GARMENT INDUSTRY- CHILD LABOUR



Would you pay more for clothes if they were manufactured ethically i.e. produced in a factory with fair working conditions and wages? What would ethical shopping look like to you?
Before answering, look at a garment that you recently purchased and find out the brand and where it was made. Take a picture and tweet it with the info (or post it in the comments section below).
Two weeks ago, KQED Do Now examined the human cost of making clothing cheaply, stating that U.S. fashion companies design their merchandise in the United States and then outsource the labor in countries like Bangladesh where workers are paid very little to sew the garments. Has the tragedy in Bangladesh changed our thinking? Have we made the connection between the cost of clothes and the conditions of these factories? Are we ready to acknowledge the human costs of this relentless fashion treadmill and shop ethically? If workers are to be paid a living wage, would we be prepared to pay more for clothes?
Take a look at the label on your latest bargain, those trendy, cheap items from stores such as H&M, Esprit, Lee, Wrangler, Nike, J.C. Penney and Wal-Mart. Where were these clothes made?
In her book Overdressed: The Shockingly High Cost of Cheap Fashion, journalist Elizabeth L. Cline describes buying “seven pairs of $7 shoes” at Kmart and admits to being a “reformed fast-fashion junkie. She writes “because of low prices, chasing trends is now a mass activity, accessible to anyone with a few bucks to spare.” Fashion trends dangle the constant lure of display and self branding in front of us and the drive to keep up becomes relentless. Quality is not the issue, but the fear of losing face in the social mirror.
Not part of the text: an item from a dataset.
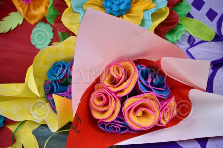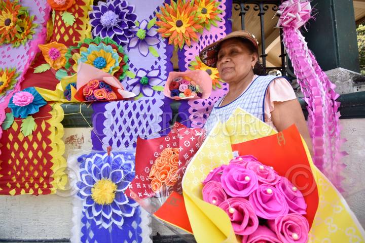 Como cada año, desde hace 30 años, la señora Silvia Román elabora cortinas de papel picado para venderlas en el zócalo de la capital del estado de Guerrero en el día de las Madres. Ella es la tercera generación en su familia que se dedica a la elaboración de piñatas y cortinas, sus hijas se convertirán en la cuarta generación en este oficio.
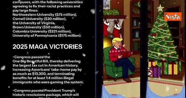 Il video augurale per le festività natalizie della casa Bianca è strutturato come i trend di YouTube, con musica lo-fi in sottofondo, a tema natalizio, e un'immagine sempre uguale di Trump cartoon che legge un libro sotto l'Albero di Natale alla casa Bianca, con un maglione rosso. A fianco a lui scorrono i dati degli obiettivi raggiunti dai "Maga" nel 2025.

There is now an “ethical fashion” movement and clothing companies like H&M, for example, has a “Conscious Collection.” American Apparel and Fair Trade Fashion offer natural, organic cotton or handmade clothing and sweatshop free production. Is then organic and locally produced clothing a way of shopping ethically? Does it also become a marketing strategy?
Another option is to follow Cline’s advice to “make, alter and mend” by which she means buying recycled clothes and taking care of the clothes we have, rather than discarding clothing on a whim because they are cheap and easily replaceable when the fashion moves on.
This could be a sustainable solution to the damage to the environment of endless stuff, which is disposable and easily replaced by yet more and cheaper versions of the same. But is it a choice we are ready to make?